Original Article

Interobserver and Intraobserver Reliability of Cephalometric Measurements Performed on Smartphone-Based Application and Computer-Based Imaging Software: A Comparative Study


  • Vinay Kumar Chugh
  • Navleen Kaur Bhatia
  • Dipti Shastri
  • Sam Prasanth Shankar
  • Surjit Singh
  • Rinkle Sardana

Received Date: 12.04.2022 Accepted Date: 29.09.2022 Turk J Orthod 2023;36(2):94-100 PMID: 37346006


The aim was to compare the reliability of cephalometric analysis using a smartphone-based application with conventional computer-based imaging software.


Pre-treatment cephalometric radiographs of 50 subjects (26 males, 24 females; mean age, 19.2 years; ±4.2) were traced using the OneCeph® application and Dolphin imaging software®. Two independent observers identified seventeen landmarks and measured fourteen cephalometric measurements at an interval of. Interobserver and intraobserver reliability were evaluated using the intraclass correlation coefficient. Student’s t-test was used to compare the means of two measurement methods for observer 1 and observer 2. Additionally, the time taken to complete the cephalometric measurements was also compared between the two methods.


Good (ICC 0.75-0.90) to excellent (ICC 0.90-1.00) interobserver and intraobserver reliability was observed for all hard and soft tissue measurements with both methods. No significant differences were found between the two measurement methods for both observers (p<0.05). OneCeph application took significantly more time to complete the analysis than Dolphin imaging software (p<0.001).
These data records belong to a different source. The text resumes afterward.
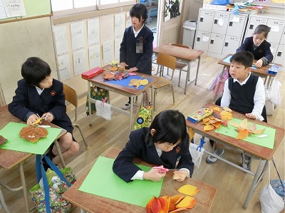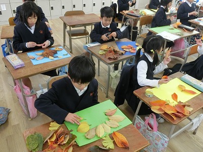 このクラスでは、4時間目の冒頭、子どもたちが正門付近や芝生広場で、様々に色づいた落ち葉を集めていました。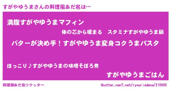 | 可愛いあだ名 | 『すがちゅっちゅ』『すがやゆうまママ』 |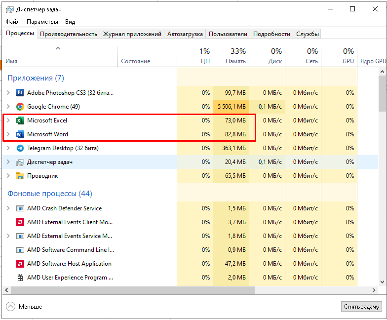 Ситуация меняется, когда в текстовых документах Word появляется множество изображений, а в таблицах Excel — обилие строк, столбцов, формул и элементов условного форматирования. В таких сценариях потребление ОЗУ превышает 4 и даже 8 Гб. Кроме того, значительно возрастает нагрузка на процессор.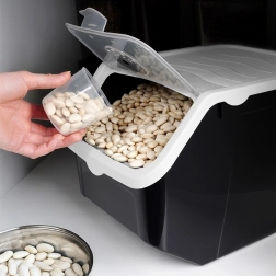 Idéal pour pommes de terre, oignons, ail, mais aussi pour pâtes, légumineuses, nourriture pour animaux domestiques ou mélanges en poudre. Le plastique de qualité sans BPA est apte au contact alimentaire, compatible congélateur et lave-vaisselle. Le doseur pratique avec repères 40–160 ml facilite un dosage précis.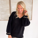 Black Knit V-Neck Contrast Stitch Sweater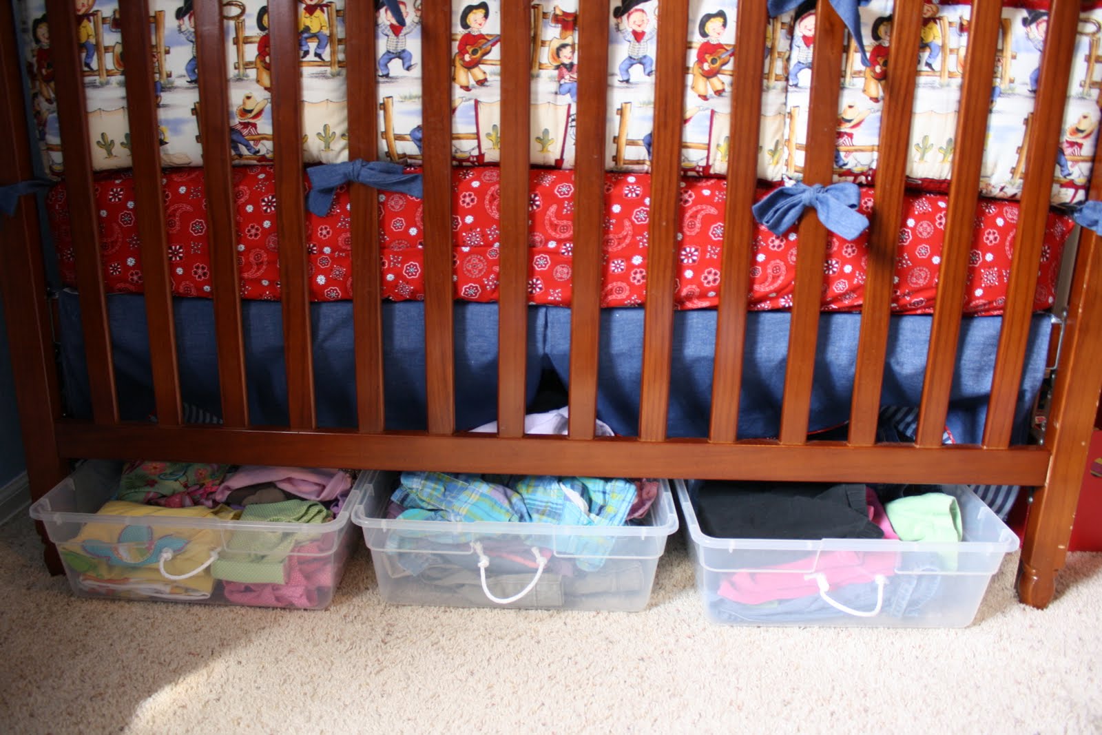 First I measured the distance from the floor to the bottom of the bed. I then went to Target and found bins that would easily slide in and out from under the bed.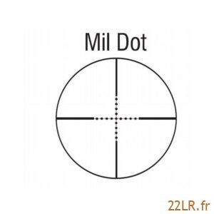 Le réticule Mildot sert à estimer la distance et à gérer les corrections en contre-visée (tenue) : utile pour le .22 LR dès que la trajectoire commence à chuter, ou pour l’air comprimé où la variation de distance se ressent vite. Sur la ligne de tir, ce type de repères facilite aussi la répétabilité d’un tir à l’autre, sans toucher aux réglages à chaque cible.

Cephalometric measurements made through a smartphone-based application showed good to excellent interobserver and intraobserver reliability and are comparable with the computer-based software. Therefore, it can be recommended for clinical use. The time taken to complete the cephalometric measurements was more with a smartphone-based application (OneCeph application) compared to computer-based software (Dolphin imaging software).

Keywords: Cephalometrics, Reliabiity, OneCeph, Dolphin

Main Points

• The study compared interobserver and intraobserver reliability for cephalometric evaluation between smartphone-based applications (OneCeph®) and computer-based software (Dolphin imaging software®).

• Good to excellent reproducibility and repeatability of cephalometric evaluation seen with OneCeph, which is comparable to Dolphin software.

• OneCeph took double the time compared with Dolphin imaging software.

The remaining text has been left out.